Literature DB >> 15004214

Effects of wortmannin and latrunculin A on slow endocytosis at the frog neuromuscular junction.

D A Richards1, S O Rizzoli, W J Betz.   

Abstract

Phosphoinositides are key regulators of synaptic vesicle cycling and endocytic traffic; the actin cytoskeleton also seems to be involved in modulating these processes. We investigated the effects of perturbing phosphoinositide signalling and actin dynamics on vesicle cycling in frog motor nerve terminals, using fluorescence and electron microscopy, and electrophysiology. Antibody staining for beta-actin revealed that actin surrounds but does not overlap with synaptic vesicle clusters. Latrunculin A, which disrupts actin filaments by binding actin monomers, and wortmannin, an inhibitor of phosphatidyl inositol-3-kinase (PI3-kinase), each disrupted the pattern of presynaptic actin staining, but not vesicle clusters in resting terminals.
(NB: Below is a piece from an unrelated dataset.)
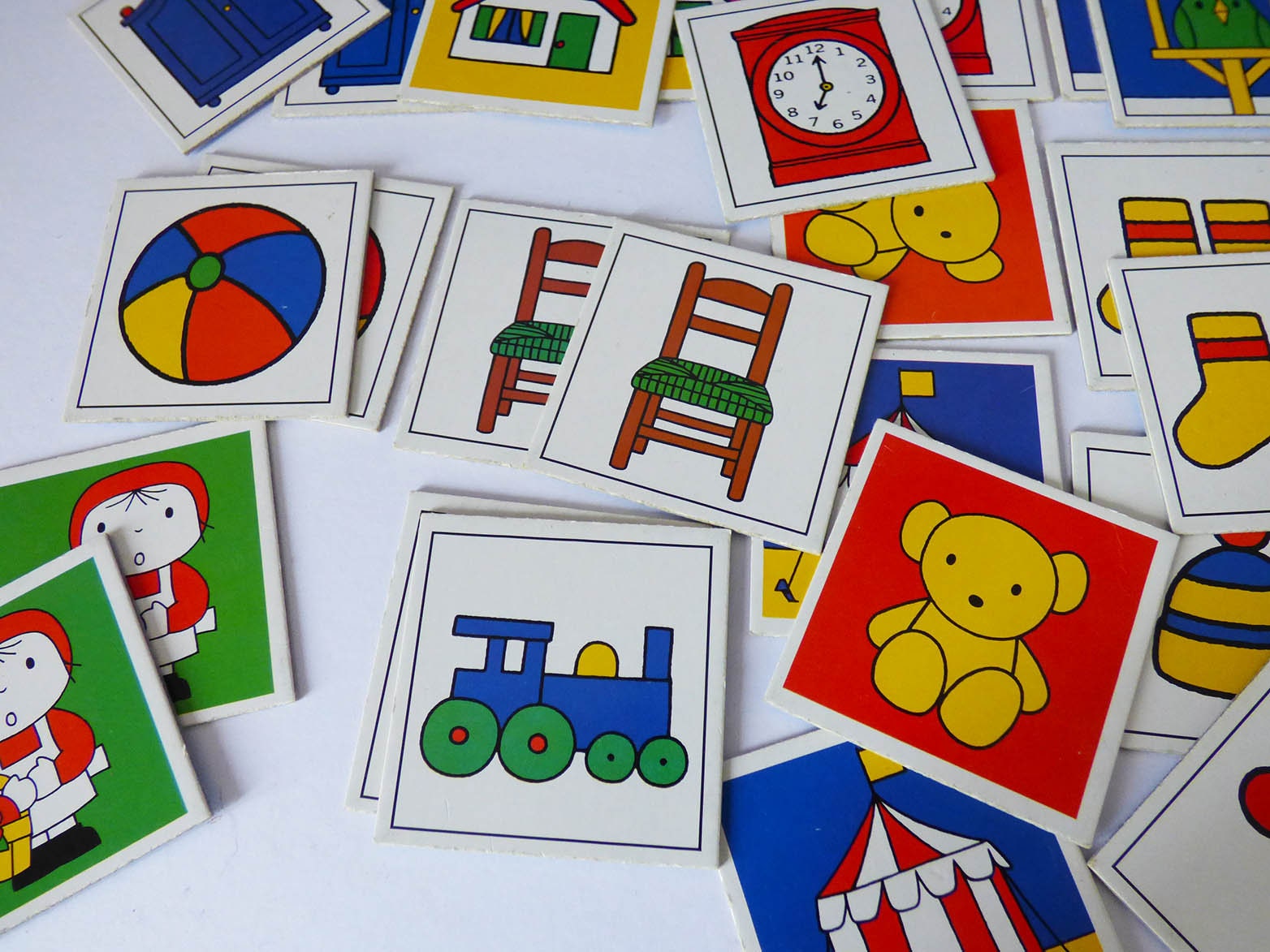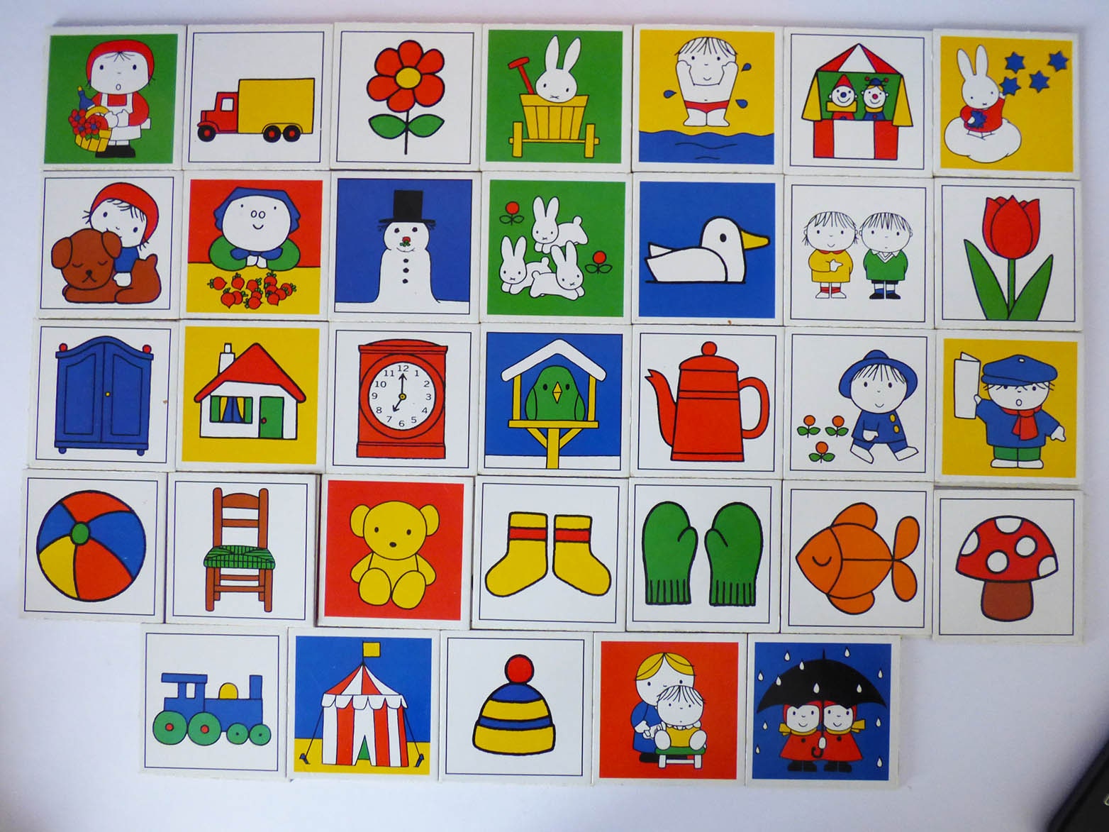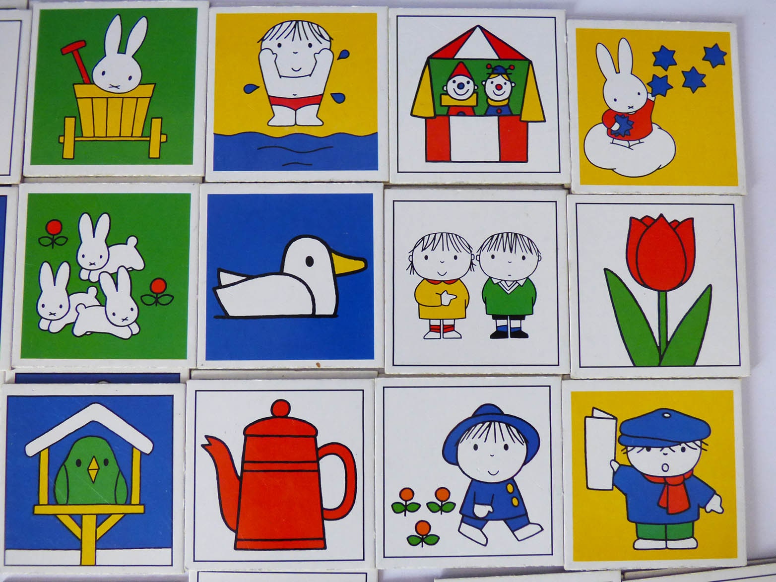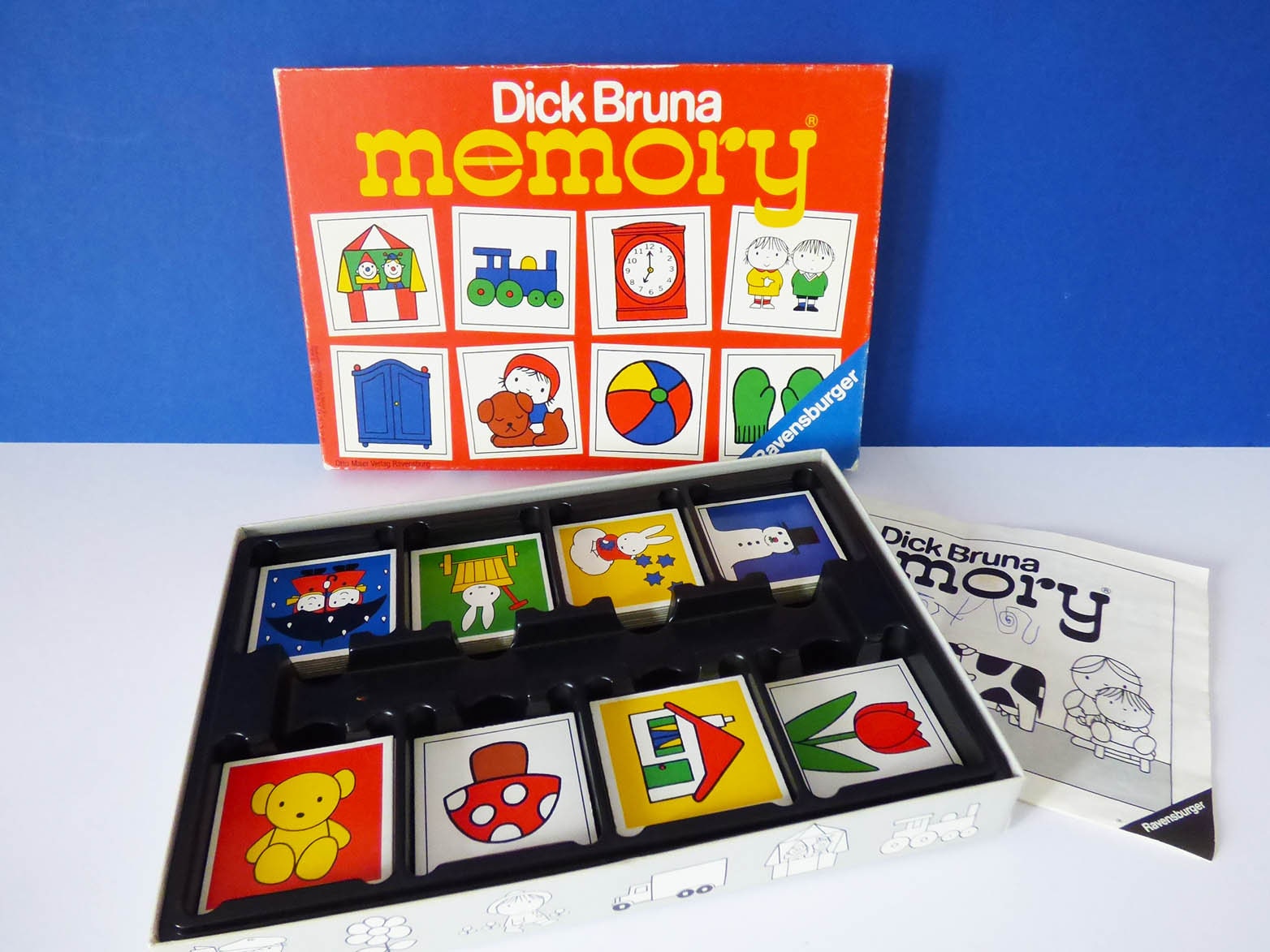 Original 1981 chunky memory game with classic images of Dick Bruna's characters. Created by Ravensburger, the game is in excellent condition, The game is unfortunately not complete there are 33 pairs, rather than the 36 pairs stated on the box. So that's 66 cards in total but at least all the matching cards are present.

Latrunculin A, but not wortmannin, also reduced vesicle mobilization and exocytosis. Both drugs inhibited the stimulation-induced uptake of the styryl dye FM1-43 and blocked vesicle reformation from internalized membrane objects after tetanic stimulation. These results are consistent with a role of PI3-kinase and the actin cytoskeleton in the slow pathway of vesicle endocytosis, used primarily by reserve pool vesicles.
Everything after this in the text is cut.